Na zijn trouwen met Dody del Court van Krimpen betrokken hij en zijn vrouw buitenhuis ‘De Ekster’, pal aan de golfbaan van De Dommel. Hier werden de kinderen geboren: Gerard Victor ‘Gerry’ (1946), Victor Charles (1948) – beiden vernoemd naar de in 1944 omgekomen broer van Albert, verzetsstrijder Victor Swane (1920-1944) – en Marischka Caroline (1952). Het was precies in deze periode dat Albert Swane, zelf geen onaardige golfer (handicap 20), actief werd als golfbestuurder. Eerst als secretaris/penningmeester van De Dommel, maar al snel ook op landelijk niveau.
Golfgeslacht
In korte tijd wist hij op drie dossiers zijn stempel te drukken. Ten eerste het Internationaal Open Kampioenschap (het huidige KLM Open). Dat was in 1947 op sterven na dood. Binnen het Nederlandsch Golf Comité (het NGC, de huidige NGF) waren er vlak na de oorlog geen financiële middelen (het hing op ƒ 2.500) en was er ook geen onverdeeld enthousiasme om het toernooi doorgang te laten vinden. Swane wierp zich op als redder van het toernooi. Met de hulp van Rem Schuil, Joop Brongers en vrijgevige golfers slaagde hij erin de editie van 1947 door te laten gaan en daarmee het toernooi van de ondergang te redden.
In hetzelfde jaar stond Swane ook aan de wieg van de oprichting van een nieuwe vereniging van Nederlandse golfprofessionals, een inkooporganisatie van professionals met een shop, later opgegaan in de NPGA (nu PGA Holland). De professionals waren de leden van de vereniging, Swane en andere amateurgolfers waren hier als commissaris bij betrokken. Hoogstpersoonlijk deed Swane in Londen de eerste inkopen voor deze organisatie, met een deviezentoewijzing van twee ton. Hij was ook nog medeoprichter van de Nederlandsche Golf Alliance in 1946, een samenwerkingsverband tussen amateurs en professionals om het spelpeil te verhogen en fondsen te werven. Want wat al deze initiatieven gemeenschappelijk hadden, was dat een eventueel batig saldo ten goede zou komen van personen die het Nederlandse golf mogelijk maakten, bijvoorbeeld door de baten te storten in het Del Court Fonds.
Zoals de naam al aangeeft, was dit fonds dan weer gelieerd aan Victors familie van moederszijde. Dody’s vader – Victors grootvader – was Gerry del Court van Krimpen, Nederlands beste vooroorlogse golfer.
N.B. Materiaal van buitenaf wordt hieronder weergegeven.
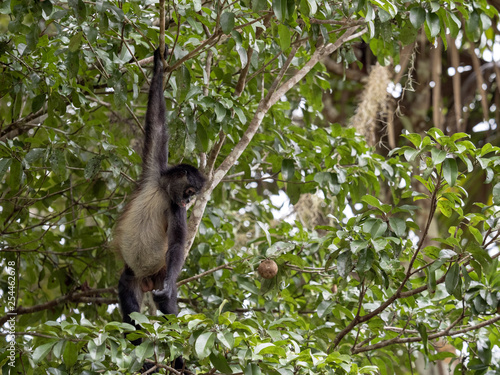 Fototapeta premium Spider Monkey, Ateles geoffroyi, chooses only ripe fruits in the rainforest,...
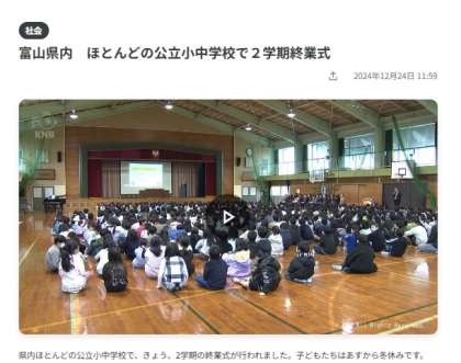 終業式の様子が報道されました 公開日 2024/12/24 更新日 2024/12/24 行事より 終業式の様子が地元放送局から取材を受け、お昼のニュースで放映されましたので紹介します。 画像は「KNB Web」より

Hij had in 1942 tot de inrichting van dit fonds besloten, ter ondersteuning van personeel van golfbanen en -clubs die op de een of andere manier in de financiële moeilijkheden kwamen. Gerry was natuurlijk de zoon van Aalbrecht del Court van Krimpen, in 1924 uitverkoren tot eerste erevoorzitter van het Nederlandsch Golf Comité. Het is niet overdreven te stellen dat zonder deze eerste twee generaties Del Court van Krimpen het Nederlandse golf niet zou staan waar het nu staat.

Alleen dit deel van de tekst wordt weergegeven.